Майкл Коннелли - «Линкольн» для адвоката
Левин, несомненно, что-то откопал. Он не был юристом, но понимал, что такое улика, и умел оценить ее значимость. Левин обнаружил нечто такое, что позволило бы мне вызволить из тюрьмы Менендеса. Он нашел Хесусу пропуск на выход из Квентина. Пропуск на волю.
Последнее, что оставалось обдумать, – заминка в разговоре, вызванная лаем собаки. Я бывал в доме у Левина раньше и знал, что его пес легковозбудимый, нервный брехун. Всякий раз, подходя к дому, я слышал его тявканье задолго до того, как успевал постучать в дверь. Лай на заднем плане телефонного сообщения и то, что Левин поспешил завершить разговор, намекали, что кто-то к нему пришел. Какой-то гость, и это вполне мог оказаться убийца.

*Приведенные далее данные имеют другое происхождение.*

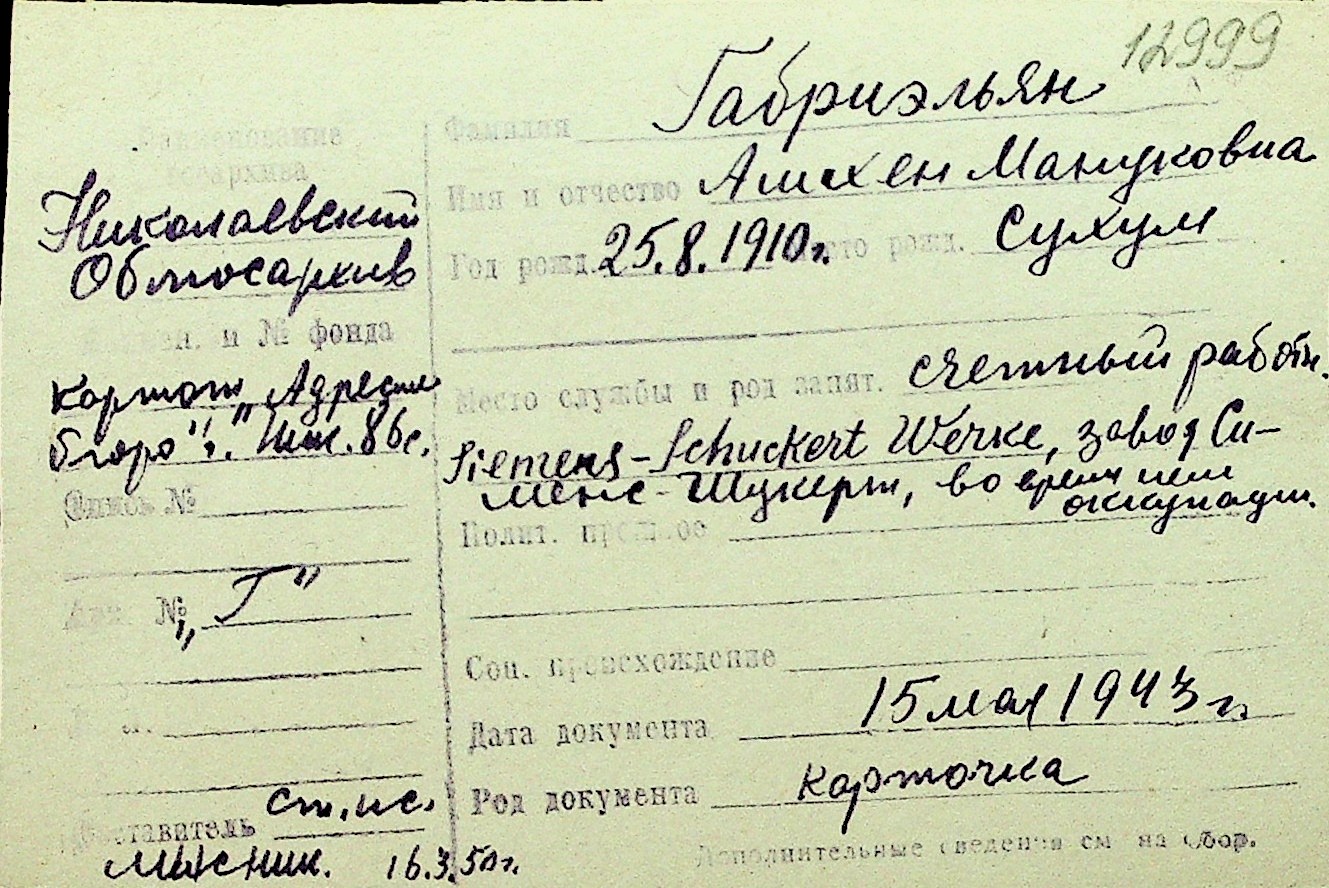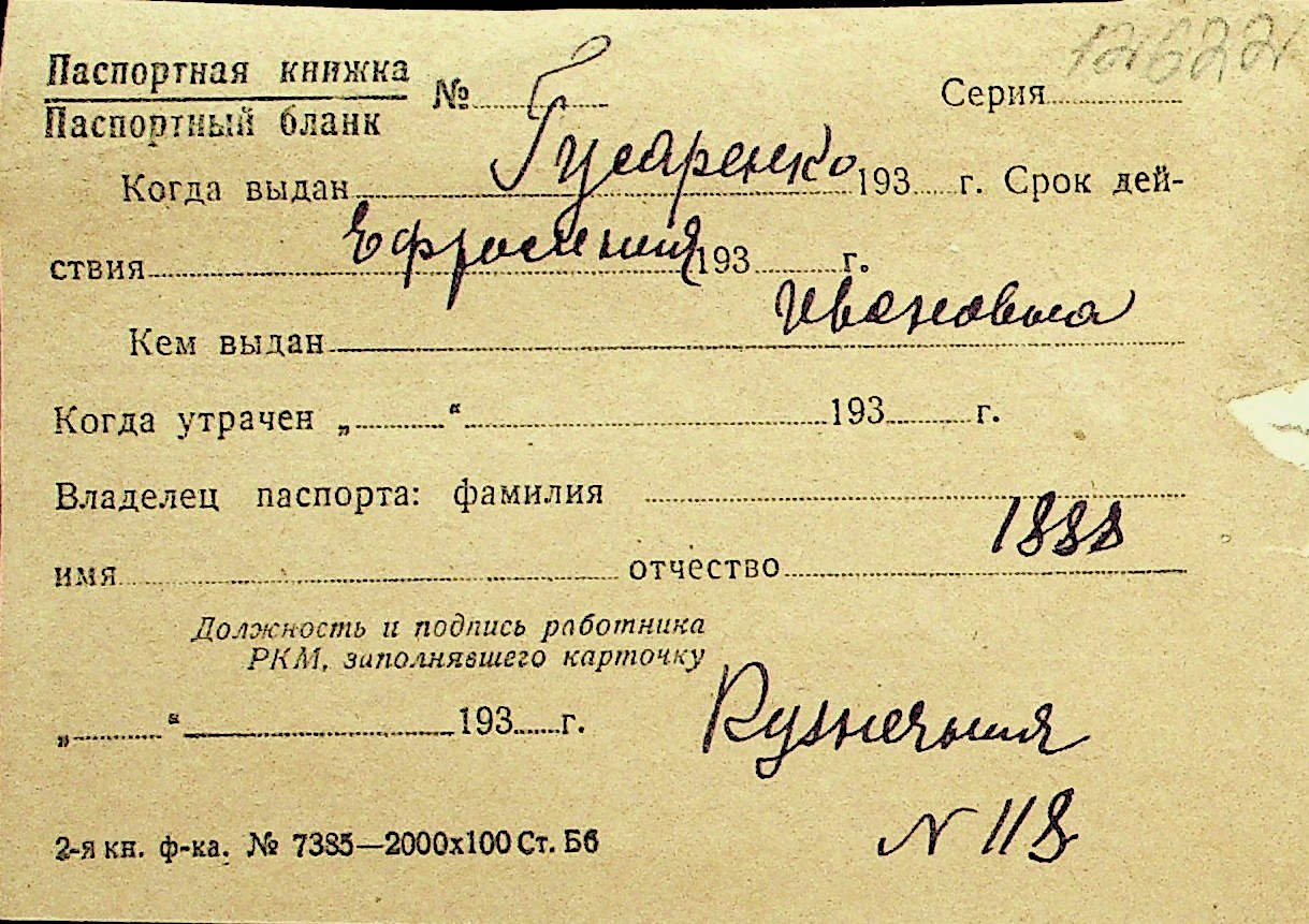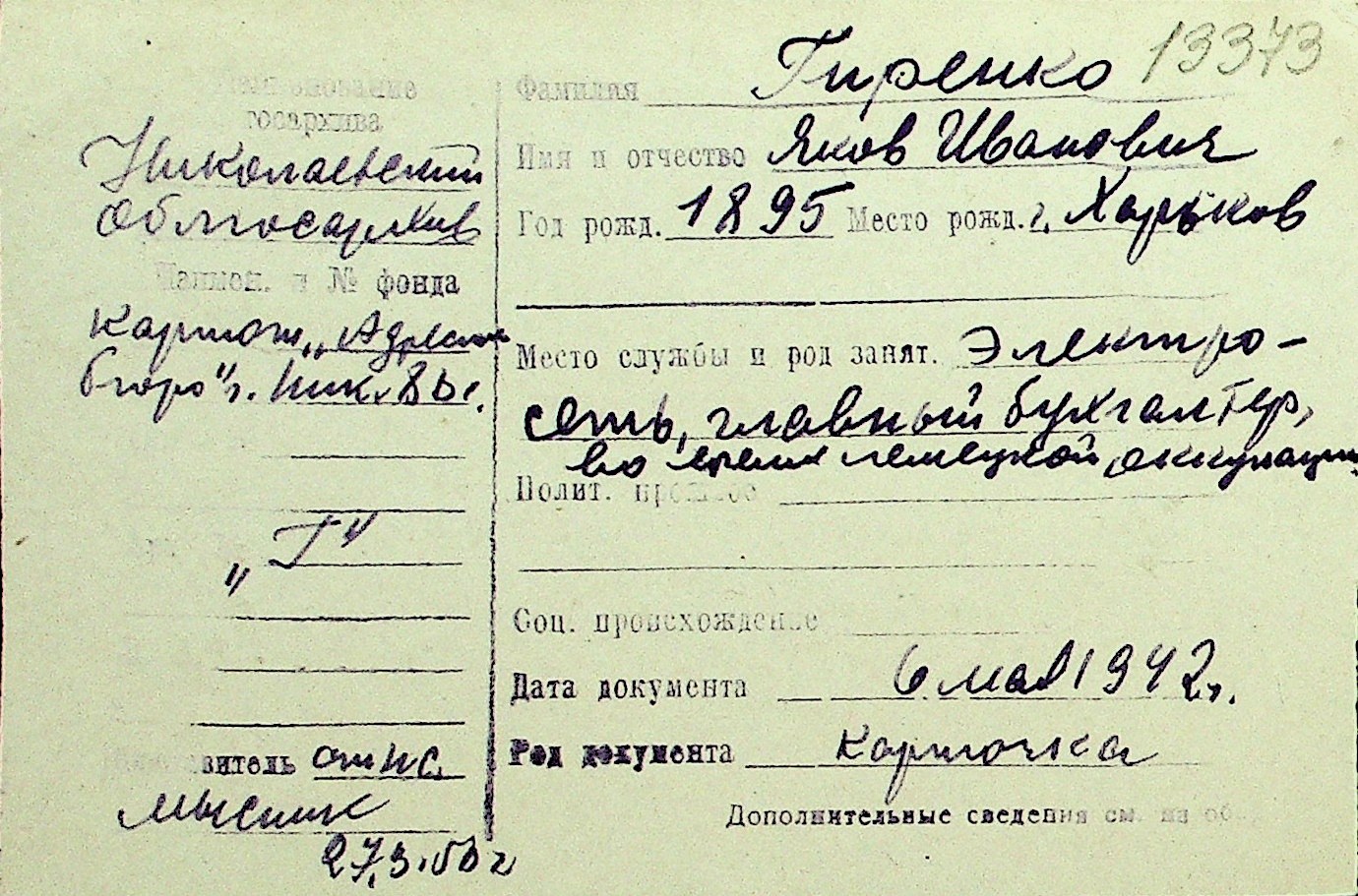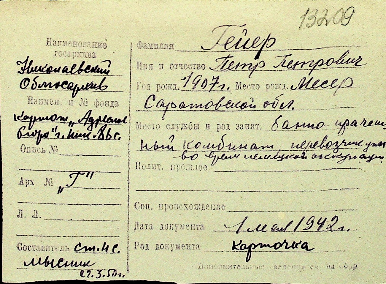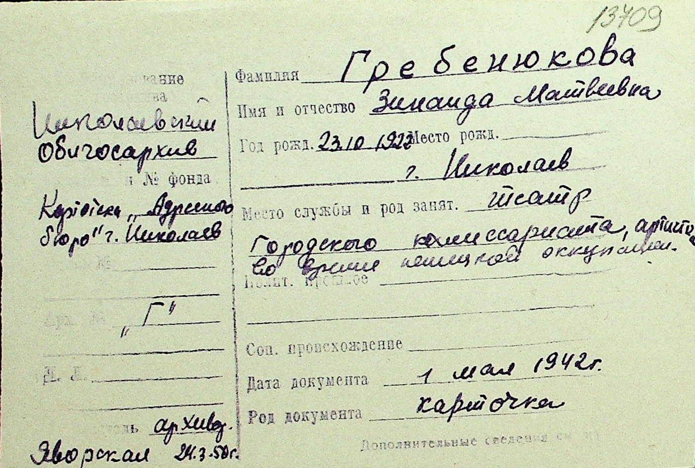 • • Перелік карток до фонду № Н-1016

Я осмысливал информацию и решил, что неожиданно всплывший звонок был той уликой, которую я не имел права утаить от полиции. Ясно, что содержание сообщения породит новые вопросы, на них мне будет трудно ответить, но это перевешивалось важностью установления точного времени преступления. Я пошел в спальню и порылся в карманах джинсов, в которых был накануне матча. В одном заднем кармане нашел корешок билета и визитные карточки, что вручили мне Лэнкфорд и Собел перед моим уходом из дома Левина.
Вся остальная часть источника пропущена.